### DATA BELOW
--

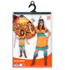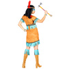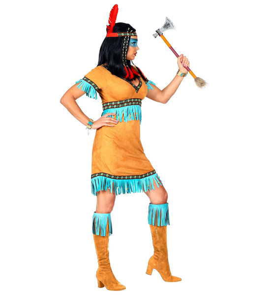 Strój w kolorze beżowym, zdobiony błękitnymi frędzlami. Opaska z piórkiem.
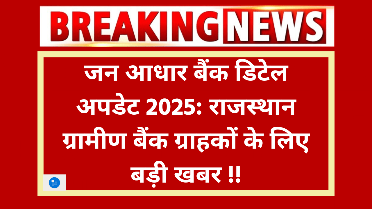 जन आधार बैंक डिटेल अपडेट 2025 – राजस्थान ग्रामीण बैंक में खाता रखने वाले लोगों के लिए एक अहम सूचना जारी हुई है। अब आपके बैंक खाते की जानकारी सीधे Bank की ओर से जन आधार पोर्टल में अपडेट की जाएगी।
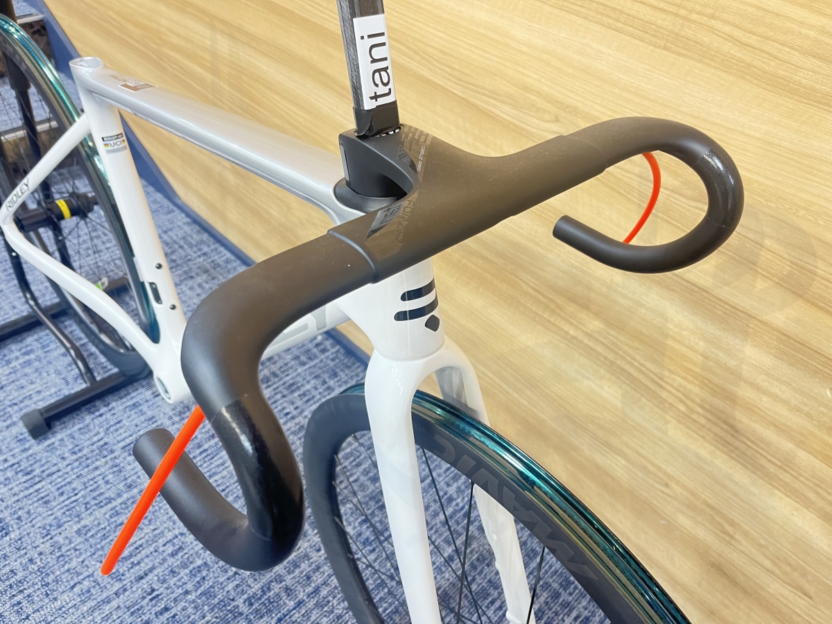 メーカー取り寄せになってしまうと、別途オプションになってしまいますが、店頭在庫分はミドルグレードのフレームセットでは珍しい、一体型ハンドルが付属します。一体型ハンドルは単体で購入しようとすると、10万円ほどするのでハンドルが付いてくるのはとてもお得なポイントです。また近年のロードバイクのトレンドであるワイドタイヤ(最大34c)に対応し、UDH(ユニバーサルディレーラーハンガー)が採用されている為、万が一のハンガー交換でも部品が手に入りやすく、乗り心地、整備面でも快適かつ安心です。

--

### WHAT YOU ARE ASKED TO DO
Everything in the listing must be restated word for word, except for the pictures.

### ANSWER BOX
 Strój w kolorze beżowym, zdobiony błękitnymi frędzlami. Opaska z piórkiem.
 जन आधार बैंक डिटेल अपडेट 2025 – राजस्थान ग्रामीण बैंक में खाता रखने वाले लोगों के लिए एक अहम सूचना जारी हुई है। अब आपके बैंक खाते की जानकारी सीधे Bank की ओर से जन आधार पोर्टल में अपडेट की जाएगी।
 メーカー取り寄せになってしまうと、別途オプションになってしまいますが、店頭在庫分はミドルグレードのフレームセットでは珍しい、一体型ハンドルが付属します。一体型ハンドルは単体で購入しようとすると、10万円ほどするのでハンドルが付いてくるのはとてもお得なポイントです。また近年のロードバイクのトレンドであるワイドタイヤ(最大34c)に対応し、UDH(ユニバーサルディレーラーハンガー)が採用されている為、万が一のハンガー交換でも部品が手に入りやすく、乗り心地、整備面でも快適かつ安心です。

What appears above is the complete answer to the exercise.